Modified By: Chad Wood

Description: This program demonstrates building several machine learning models; two unsupervised models, two supervised models, and two supervised deep neural network models.

===========================================

In [102]:
import tensorflow.compat.v1 as tf
import tensorflow_hub as hub
import numpy as np
import pandas as pd

#### Data Preprocessing

In [96]:
# Data cleaned from exercises 10.2
df = pd.read_csv('data/clean_hotel_reviews.csv') # Sentiment: 0=happy; 1=not happy

# Updates Sentiment: 0=not happy; 1-happy
df.sentiment = [0 if sentiment == 1 else 1 
                for sentiment in df['sentiment'].values]

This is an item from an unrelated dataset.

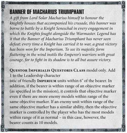 Hay una impresionante cifra de 22 artefactos para personalizar al máximo los ejércitos de Caballeros Imperiales. Veamos varios ejemplos:

# Equals the amount of data for either review (positive or negative)
# Data is organised randomly
tmp_bad_review_df = df.loc[df.sentiment == 1].sample(n=12411, random_state=1) # 12411 random bad reviews
tmp_ood_review_df = df.loc[df.sentiment == 0].sample(n=12411, random_state=1) # 12411 random good reviews

# Combines random samples of equal size
processed_df = pd.concat([tmp_bad_review_df.sample(frac=1, random_state=1), # Randomly shuffles data
                          tmp_ood_review_df.sample(frac=1, random_state=1)], # Randomly shuffles data
                         ignore_index=True)

# Randomly shuffles data
processed_df = processed_df.sample(frac=1, random_state=1)

In [97]:
import re

def normalize_corpus(corpus): 
    # To lowercase
    corpus = corpus.apply(lambda x: str(x).lower())

    # Creates uniform linebreaks
    corpus = corpus.apply(lambda x: re.sub(r'[\r|\n|\r\n]+', '\n', x))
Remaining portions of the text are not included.